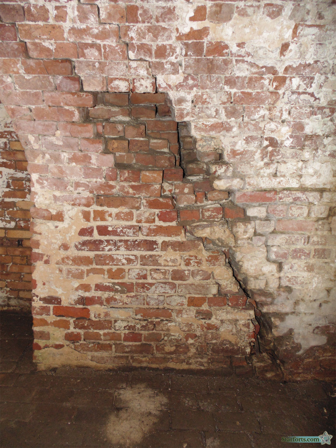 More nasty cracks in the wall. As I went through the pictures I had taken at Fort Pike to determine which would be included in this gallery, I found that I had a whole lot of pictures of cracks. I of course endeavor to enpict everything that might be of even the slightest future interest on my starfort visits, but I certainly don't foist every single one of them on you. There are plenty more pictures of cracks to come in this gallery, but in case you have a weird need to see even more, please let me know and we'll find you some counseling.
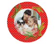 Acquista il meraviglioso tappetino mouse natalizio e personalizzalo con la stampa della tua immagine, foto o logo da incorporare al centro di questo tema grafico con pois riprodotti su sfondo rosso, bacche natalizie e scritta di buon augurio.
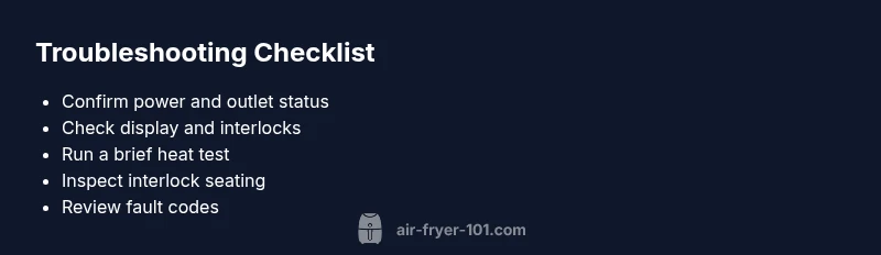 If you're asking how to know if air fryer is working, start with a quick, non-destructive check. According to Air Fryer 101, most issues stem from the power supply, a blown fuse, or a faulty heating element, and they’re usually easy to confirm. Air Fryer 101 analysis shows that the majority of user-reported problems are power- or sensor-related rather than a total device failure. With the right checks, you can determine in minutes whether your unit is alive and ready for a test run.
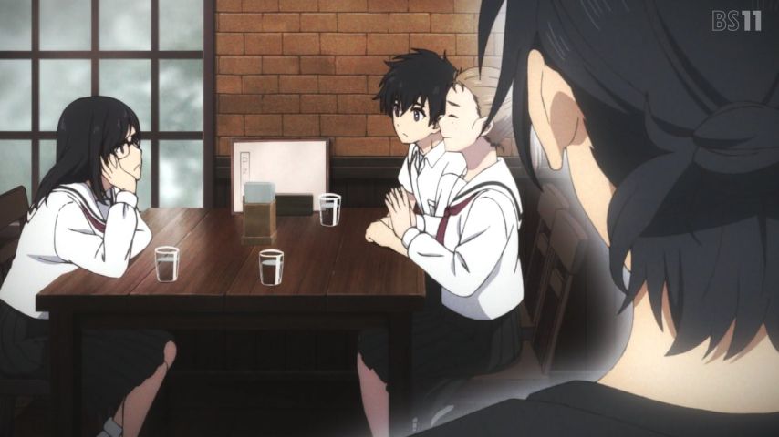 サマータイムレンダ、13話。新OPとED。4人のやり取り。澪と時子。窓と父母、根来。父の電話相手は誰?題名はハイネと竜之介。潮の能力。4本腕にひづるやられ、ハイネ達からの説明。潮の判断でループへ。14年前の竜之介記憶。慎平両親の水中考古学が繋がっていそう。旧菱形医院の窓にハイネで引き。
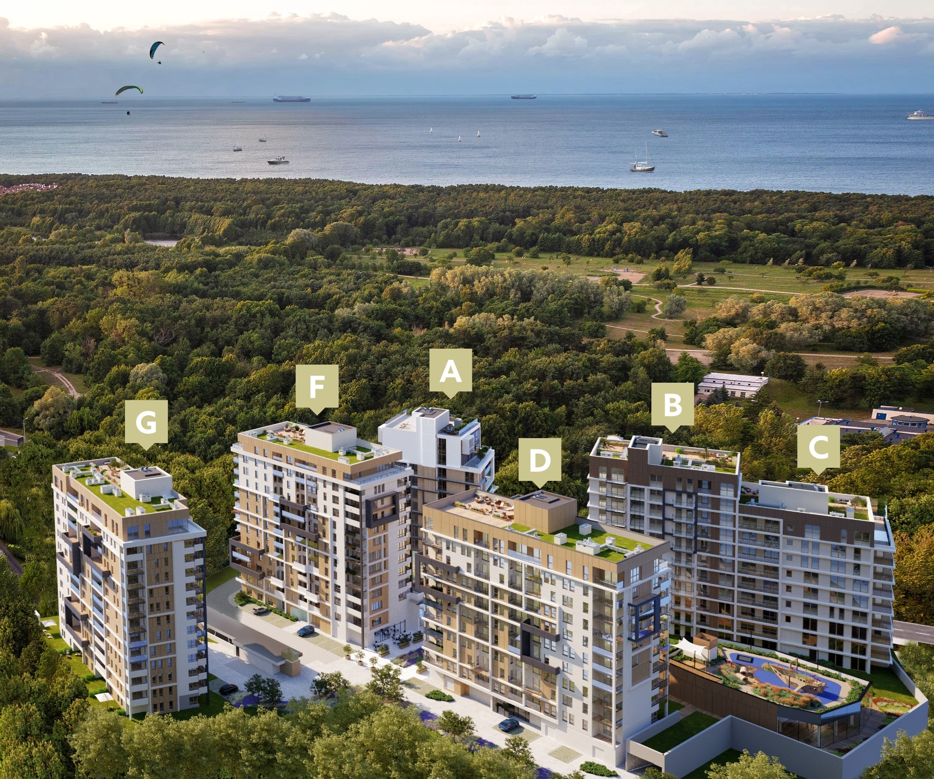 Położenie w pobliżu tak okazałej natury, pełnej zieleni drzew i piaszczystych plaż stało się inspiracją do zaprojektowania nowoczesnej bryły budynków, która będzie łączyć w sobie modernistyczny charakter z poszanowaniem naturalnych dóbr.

_THE PROBLEM_
Would you set down every line of the data above exactly, skipping the pictures?

_ANSWER SECTION_
 More nasty cracks in the wall. As I went through the pictures I had taken at Fort Pike to determine which would be included in this gallery, I found that I had a whole lot of pictures of cracks. I of course endeavor to enpict everything that might be of even the slightest future interest on my starfort visits, but I certainly don't foist every single one of them on you. There are plenty more pictures of cracks to come in this gallery, but in case you have a weird need to see even more, please let me know and we'll find you some counseling.
 Acquista il meraviglioso tappetino mouse natalizio e personalizzalo con la stampa della tua immagine, foto o logo da incorporare al centro di questo tema grafico con pois riprodotti su sfondo rosso, bacche natalizie e scritta di buon augurio.
 If you're asking how to know if air fryer is working, start with a quick, non-destructive check. According to Air Fryer 101, most issues stem from the power supply, a blown fuse, or a faulty heating element, and they’re usually easy to confirm. Air Fryer 101 analysis shows that the majority of user-reported problems are power- or sensor-related rather than a total device failure. With the right checks, you can determine in minutes whether your unit is alive and ready for a test run.
 サマータイムレンダ、13話。新OPとED。4人のやり取り。澪と時子。窓と父母、根来。父の電話相手は誰?題名はハイネと竜之介。潮の能力。4本腕にひづるやられ、ハイネ達からの説明。潮の判断でループへ。14年前の竜之介記憶。慎平両親の水中考古学が繋がっていそう。旧菱形医院の窓にハイネで引き。
 Położenie w pobliżu tak okazałej natury, pełnej zieleni drzew i piaszczystych plaż stało się inspiracją do zaprojektowania nowoczesnej bryły budynków, która będzie łączyć w sobie modernistyczny charakter z poszanowaniem naturalnych dóbr.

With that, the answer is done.